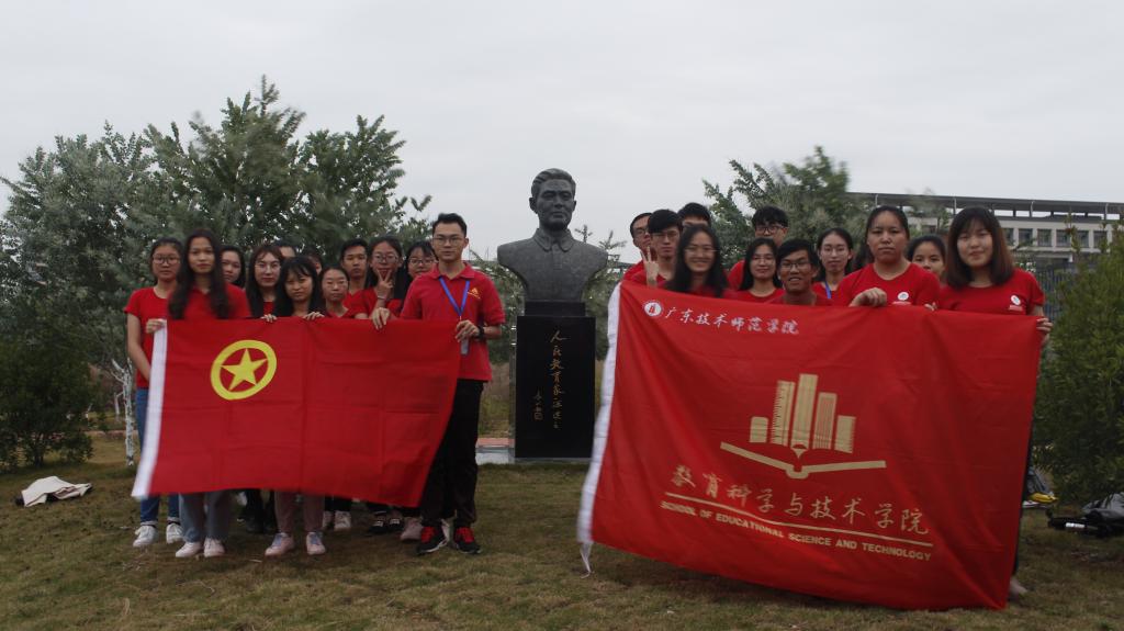 随后,团学各部门的部长跟随王孜老师前往瞻仰罗明同志和汪达之同志的雕像。看着那两座屹立高处的雕像,他们挺直了腰杆,静静地矗立在那儿,同学们仰视他们,悼念他们,对他们怀着敬意和感恩之心。
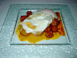 Los huevos con chistorra, elaborados con secreto actualizado o el rape asado con salsa de crustáceo o la mus de chocolate con crujiente de praliné, son claros ejemplos de mis comentarios.
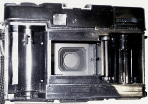 Keine Blendeneinstellung. Die Filmempfindlichkeit wird am Objektivring eingestellt. Die Entfernungseinstellungs-Symbole werden im Sucher eingespiegelt, deshalb noch ein zweites, mattes, Sucherfenster. Zwei Messzellen. Insgesamt ist das Sichtfenster gut geraten: Sehr hell und gut einsehbar, eigentlich das Einzige, was an dieser Kamera wirklich besser als bei den Minox-Cameras ist. Obwohl der klappbare Objektivtubus mit dem Deckel sehr dem Minox-Entwurf ähnelt, zeigen schon die Zahnräder, dass hier nicht der gleiche Mechanismus verwandt wurde. Anstatt mit Kreuzgelenken, wird der Tubus über ein
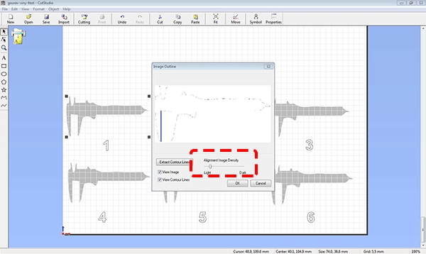 to adjust the image allignment density to the point where you get visible neat and clear cutting lines i also did vinyl cutting in Week 17 and Project development Week refer both week to see my work
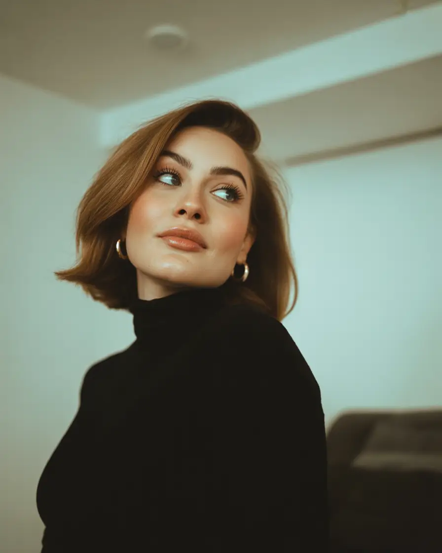 This one is the warm aspect of glamour, imagine the hues of coffee foam and golden light with its play through the cafeteria windows. The caramel strands that are casually intertwined through the foundation are life and light giving, particularly favorable during colder winter seasons. It is one of those winter bob hair cuts that do not only frame your face but it elevates your whole face. The length rubs against the collarbone, which again gives it that dimension that is universally flattering. And the soft front layers? They resemble a whisper – ideal to everyone who truly wants to have a natural, stylish feeling that especially lives and is feminine.
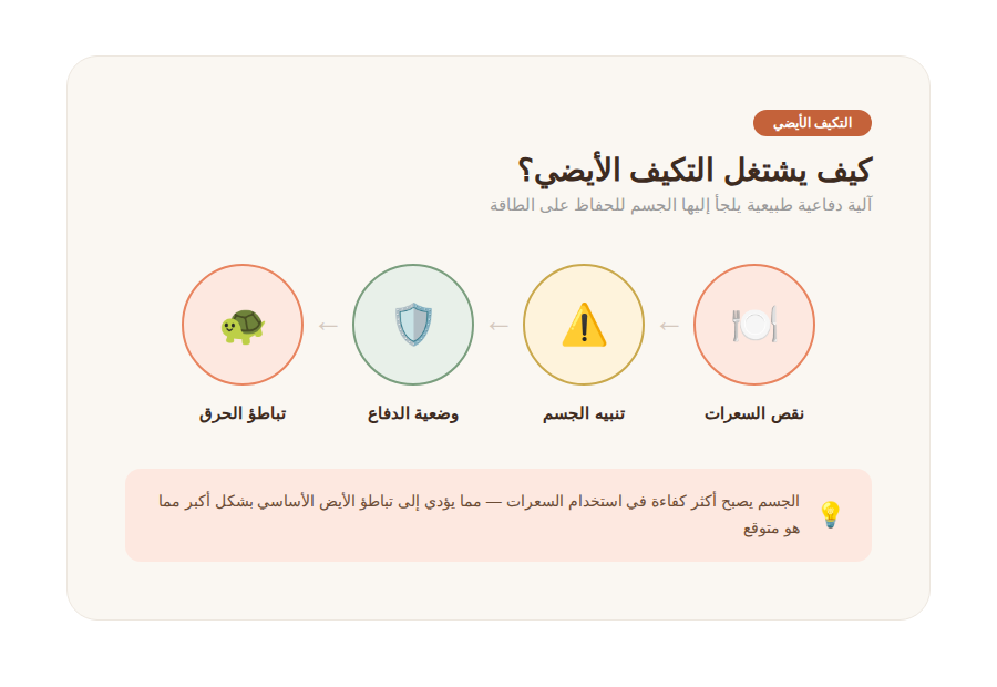 وهي آلية دفاعية طبيعية، موجودة في كل إنسان، يلجأ إليها الجسم تلقائياً لما يحس بنقص في الطاقة الداخلة. الجسم ما يفهم مفهوم “الدايت” ما يعرف إنك تحاولي تخسري وزن بشكل اختياري. اللي يفهمه هو إن الطاقة اللي تدخل قلّت، فيبدأ يتصرف على أساس إن في خطر.
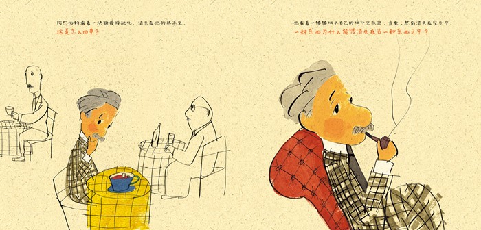 2. 温暖的色调,让孩子容易阅读;书中水粉、钢笔和墨水构成的画面,饱含着幽默和孩子气,传达了爱因斯坦的独特个性;红色文字则传达了文本的重要思想;每一张书页用斑驳的纹理纸印刷,强化了“世间一切都由原子构成”这个概念。孩子们将从一本书的各个细节,体会爱因斯坦的精神和理念。
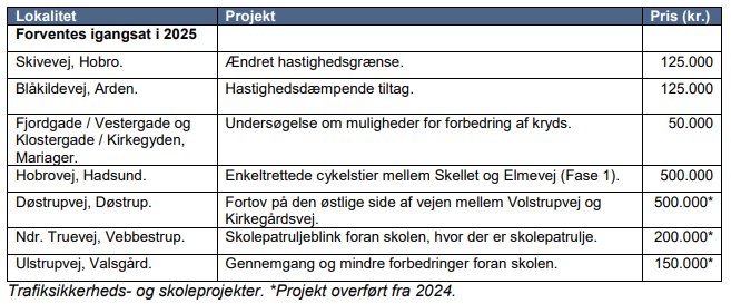 I det følgende er de trafiksikkerheds- og skoleprojekter, der arbejdes med i 2025 illustreret.
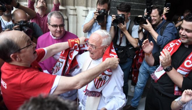 Miembros religiosos de la Catedral saludando al equipo sevillista.
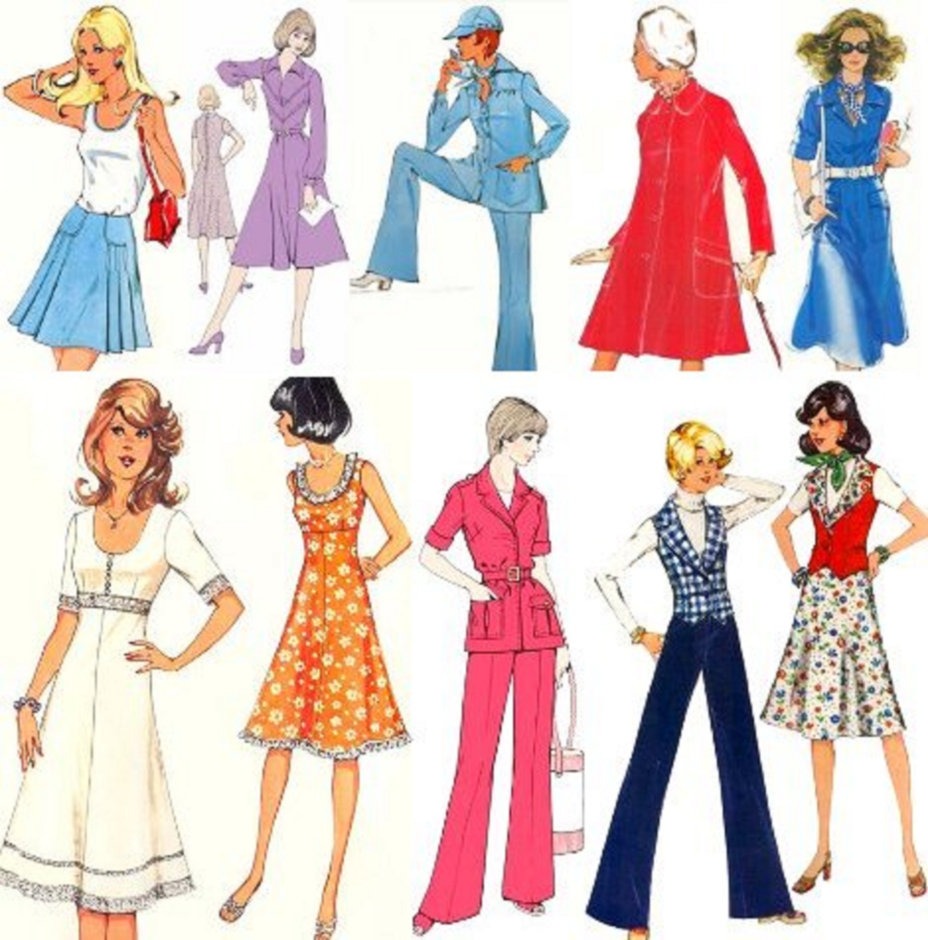 Эклектичная мужская и женская мода на одежду 70-х годов XX века вобрала в себя различные стили и направления, среди которых хиппи, диско, ретро, деловой, этнический, унисекс, сафари и многие другие. Из моды прошлого десятилетия сюда шагнула тенденция преимущественно геометрических форм и облегающих силуэтов в одежде, длина мини и макси, яркие расцветки, богатый выбор тканей и отделок.

=-=-=

> _WORK ORDER_
Begin with the first line of the records and repeat every line up to the one with "to adjust the", counting that line too. Pictures are not part of the copy.

> _EXPECTED ANSWER_
 随后,团学各部门的部长跟随王孜老师前往瞻仰罗明同志和汪达之同志的雕像。看着那两座屹立高处的雕像,他们挺直了腰杆,静静地矗立在那儿,同学们仰视他们,悼念他们,对他们怀着敬意和感恩之心。
 Los huevos con chistorra, elaborados con secreto actualizado o el rape asado con salsa de crustáceo o la mus de chocolate con crujiente de praliné, son claros ejemplos de mis comentarios.
 Keine Blendeneinstellung. Die Filmempfindlichkeit wird am Objektivring eingestellt. Die Entfernungseinstellungs-Symbole werden im Sucher eingespiegelt, deshalb noch ein zweites, mattes, Sucherfenster. Zwei Messzellen. Insgesamt ist das Sichtfenster gut geraten: Sehr hell und gut einsehbar, eigentlich das Einzige, was an dieser Kamera wirklich besser als bei den Minox-Cameras ist. Obwohl der klappbare Objektivtubus mit dem Deckel sehr dem Minox-Entwurf ähnelt, zeigen schon die Zahnräder, dass hier nicht der gleiche Mechanismus verwandt wurde. Anstatt mit Kreuzgelenken, wird der Tubus über ein
 to adjust the image allignment density to the point where you get visible neat and clear cutting lines i also did vinyl cutting in Week 17 and Project development Week refer both week to see my work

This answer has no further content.